§ **Problem requirements**: Give back the whole listing word for word and skip each picture.

§ **Stored data**:
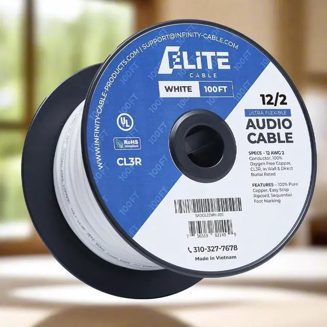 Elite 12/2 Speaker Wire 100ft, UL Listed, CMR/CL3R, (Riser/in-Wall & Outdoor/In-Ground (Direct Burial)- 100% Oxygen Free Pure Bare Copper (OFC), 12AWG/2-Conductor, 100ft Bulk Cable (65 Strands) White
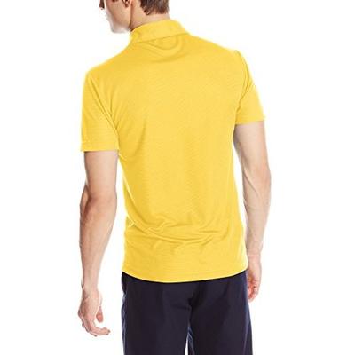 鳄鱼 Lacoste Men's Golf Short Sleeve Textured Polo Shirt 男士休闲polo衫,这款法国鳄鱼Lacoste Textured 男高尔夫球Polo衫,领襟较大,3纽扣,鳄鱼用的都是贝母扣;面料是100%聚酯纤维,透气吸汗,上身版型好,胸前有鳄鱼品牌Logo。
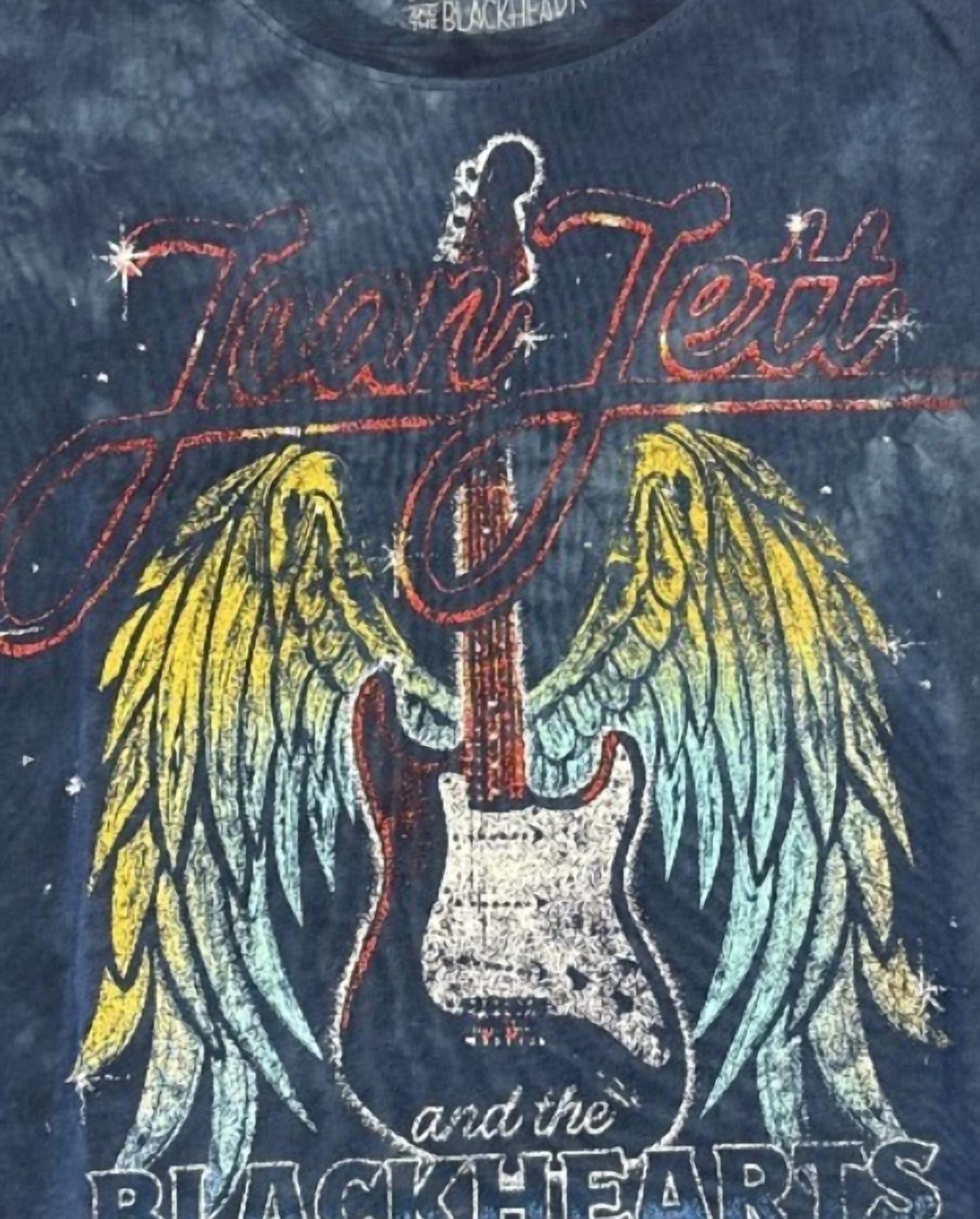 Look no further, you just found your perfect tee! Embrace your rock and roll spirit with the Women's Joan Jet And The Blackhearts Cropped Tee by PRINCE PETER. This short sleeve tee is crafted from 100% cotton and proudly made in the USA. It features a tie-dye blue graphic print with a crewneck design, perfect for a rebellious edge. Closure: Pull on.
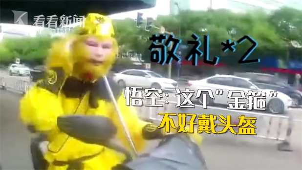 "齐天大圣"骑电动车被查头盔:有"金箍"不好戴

§ **Response area**:
 Elite 12/2 Speaker Wire 100ft, UL Listed, CMR/CL3R, (Riser/in-Wall & Outdoor/In-Ground (Direct Burial)- 100% Oxygen Free Pure Bare Copper (OFC), 12AWG/2-Conductor, 100ft Bulk Cable (65 Strands) White
 鳄鱼 Lacoste Men's Golf Short Sleeve Textured Polo Shirt 男士休闲polo衫,这款法国鳄鱼Lacoste Textured 男高尔夫球Polo衫,领襟较大,3纽扣,鳄鱼用的都是贝母扣;面料是100%聚酯纤维,透气吸汗,上身版型好,胸前有鳄鱼品牌Logo。
 Look no further, you just found your perfect tee! Embrace your rock and roll spirit with the Women's Joan Jet And The Blackhearts Cropped Tee by PRINCE PETER. This short sleeve tee is crafted from 100% cotton and proudly made in the USA. It features a tie-dye blue graphic print with a crewneck design, perfect for a rebellious edge. Closure: Pull on.
 "齐天大圣"骑电动车被查头盔:有"金箍"不好戴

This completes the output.